Roberto Zampieri nella foto di Andrea Zonca

di Annalisa Atzori

Sabato 24 febbraio 2018 alla “Sebastiano Satta” e grazie alla collaborazione con il “Gruppo Cinofilo Verona” e “Progetto Serena onlus”, sono tornati per il secondo anno di fila i cani da allerta diabete. Ricordiamo che la Sardegna, insieme alla Finlandia, ha un triste primato:  la più alta incidenza al mondo per quanto riguarda i nuovi casi annuali di diabete tipo 1. Per questo, i sardi si sono dimostrati particolarmente sensibili nel voler riproporre una così importante occasione di approfondimento.

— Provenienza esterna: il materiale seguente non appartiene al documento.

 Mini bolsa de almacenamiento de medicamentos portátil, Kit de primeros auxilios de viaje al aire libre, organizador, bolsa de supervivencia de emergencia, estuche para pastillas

Tra l’altro, come ricordato da Roberto Zampieri (istruttore di Progetto Serena e “padre” del protocollo cani da allerta diabete) proprio in terra sarda è partito pochi giorni fa  una iniziativa di Progetto Serena onlus, che oramai opera in moltissime regioni italiane.

L’appuntamento sui cani da allerta diabete faceva parte anche quest’anno del percorso formativo del nuovo Corso per Istruttori ed Educatori Cinofili 2018 organizzato da Gruppo Cinofilo Verona che, data l’importanza dell’argomento trattato, ha pensato di offrire la possibilità di partecipare all’incontro a tutti gli  interessati, indipendentemente dal fatto che si trattasse o meno di futuri istruttori cinofili.

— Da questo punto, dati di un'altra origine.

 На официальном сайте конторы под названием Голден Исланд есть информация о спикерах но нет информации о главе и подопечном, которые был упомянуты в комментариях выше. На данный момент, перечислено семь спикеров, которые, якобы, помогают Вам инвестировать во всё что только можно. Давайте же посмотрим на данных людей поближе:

Il 23 dicembre 2017 il Comitato Etico ha dato risposta positiva riguardo il protocollo cani da allerta diabete, e a brevissimo inizierà il monitoraggio di 100 binomi cane – paziente diabetico! Un riconoscimento importantissimo per Progetto Serena, che crede fermamente nel valore di questi cani che permettono ai malati (bambini e adulti) di affrontare le giornate “a sei zampe” con maggiore positività, aiutando ad accettare la malattia e a donare un po’ di serenità in più ai genitori e ai familiari dei pazienti.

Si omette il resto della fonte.